When I applied for the card, I called AGR and she said that she couldn't apply the travel purchase to the card, because I hadn't gotten the card yet! On FridayI called the card service, and they expedited shipping. I received the cards this afternoon.

Called AGR and spoke to a very helpful lady who was able to speak to a supervisor. The charge on my Discover card has been credited, and the AGR MasterCard has been charged.

So, how many points am I going to get for this - I'm leaving on Friday!

12,000 for signing up (and spending $500 in 3 months).

My share of the fare is about $2100 (my seat and roomette).


----------



## the_traveler (Sep 15, 2014)

If your Amtrak tickets get charged to your AGR MasterCard (that is you paid for then with this card), you will earn 2 AGR points per dollar!  So if for instance your tickets were $340, you would earn 680 AGR points!

A little known fact is that if the charge is coded "Amtrak", it also earns 2/$!  Examples are if you buy wine with your dinner, you buy a burger at the cafe car or you buy a meal if you‘re in coach! Note that buying points does not earn 2/$ since they are actually purchased from Points.com and not Amtrak or AGR.


----------



## George K (Sep 15, 2014)

It's amazing how fast you can add up points.

I just changed payment methods for several things I pay every month:

Cable: $200

Cell Phone (5 lines): $220

Land Line: $40

Dish (at my other house) $100

That's over 550 points every month.

I suppose I should put my utilities on it as well!

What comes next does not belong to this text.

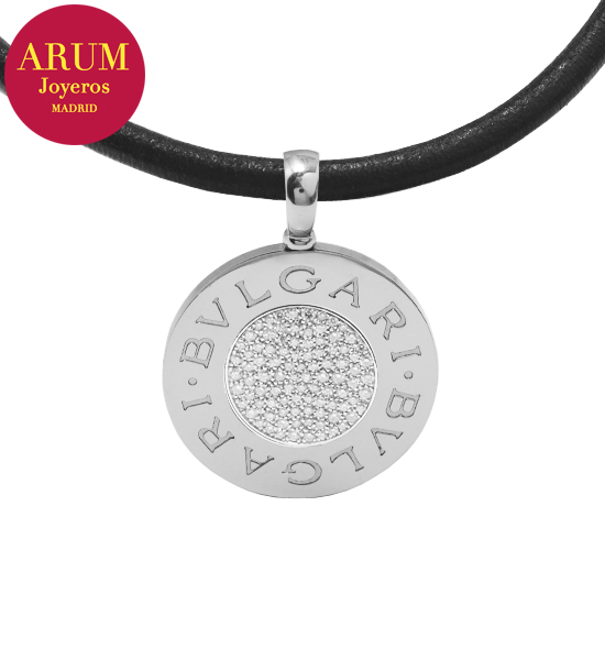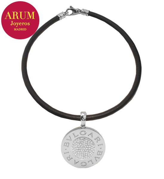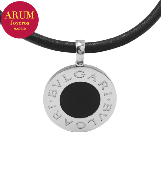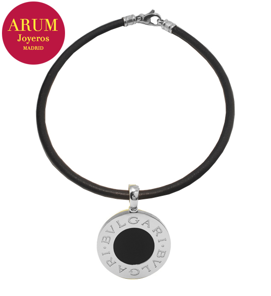 Descripción: Colgante de doble cara, de la prestigiosa firma de joyería Bulgari, perteneciente a la colección Tondo, realizado en acero, pavé de brillantes y onix. Incluye un cordón negro de cuero, con cierre de pinza de langosta. El diámetro del colgante es de 3,5 cm.

Also, you can purchase 10,000 points per calendar year. I already did that, so I can buy another 10,000 in January!


----------



## the_traveler (Sep 15, 2014)

George K said:


> Dish (at my other house) $100


I just buy new dishes or use the dishwasher!  (I know what you mean.)


----------



## Dan O (Sep 15, 2014)

George K said:


> It's amazing how fast you can add up points.
> 
> I just changed payment methods for several things I pay every month:
> 
> ...


They do pile up fast, unfortunately too fast right now w/ a kid in college (takes CC and doesn't charge extra). His 18 months of college is paying for a 2 zone roundtrip roomette trip. Plus, the other bills that are on the AGR card. I won't be piling up points but am really looking forward to CC bill that is under $2k per month.

Dan


----------



## neutralist (Sep 16, 2014)

Manufactured Spending via college tuition is your friend, especially if you are anticipating grants and subsidized loans.

Otherwise, use it to pay your estimated federal income tax is another way to rack up points.


----------



## crescent2 (Sep 18, 2014)

When I first joined AGR, another way I got some points was to exchange from another points system, although the exchange rate wasn't very good. I wasn't using the other points and have used AGR, so it worked for me.


----------



## jtoddander (Sep 20, 2014)

Someone should compile and post the various ways of earning extra AGR points. Aside from the AGR MasterCard, I have seen some people reference the Chase Ultimate Rewards cards that allow 1:1 point transfer to AGR account. They have very attractive bonus offers that I have already used.

FYI...Barclays Bank does A Wyndham credit card that has no annual fee and awards a modest number of bonus points after using card once...with no spending requirement.

That modest bonus was enough to earn me 2400 or 2500 AGR points and all I needed to do was make a minimal charge on something I was going to put on another card.

What other programs out there offer good deals to get AGRA points?


----------



## George K (Sep 20, 2014)

I got in touch with the people at chase freedom. They told me that my 30,000 points were not transferable because the rewards programs are different.

Damn.


----------



## Bob Dylan (Sep 20, 2014)

George K said:


> I got in touch with the people at chase freedom. They told me that my 30,000 points were not transferable because the rewards programs are different.
> 
> Damn.


Take the Cash if you signed up for that option! What I did!!


----------



## jtoddander (Sep 20, 2014)

A little secret...if you have another Uktimate Rewards acct (e.g, chase sapphire preferred which often iffers 1st year without annual fee) you can then merge your chase freedom points into that account..they then become eligible to transfer to air and rail programs


----------



## jtoddander (Sep 20, 2014)

That what I did..


----------



## jtoddander (Sep 20, 2014)

Similar situation with Amex...their program is member rewards...there are two levels...the lower level cannot be used for travel...but if you have both programs you can merge the two and use for travel

Amex program is not affiliated with Amtrak...you would then need to transfer into another program before finally transferring to AGR


----------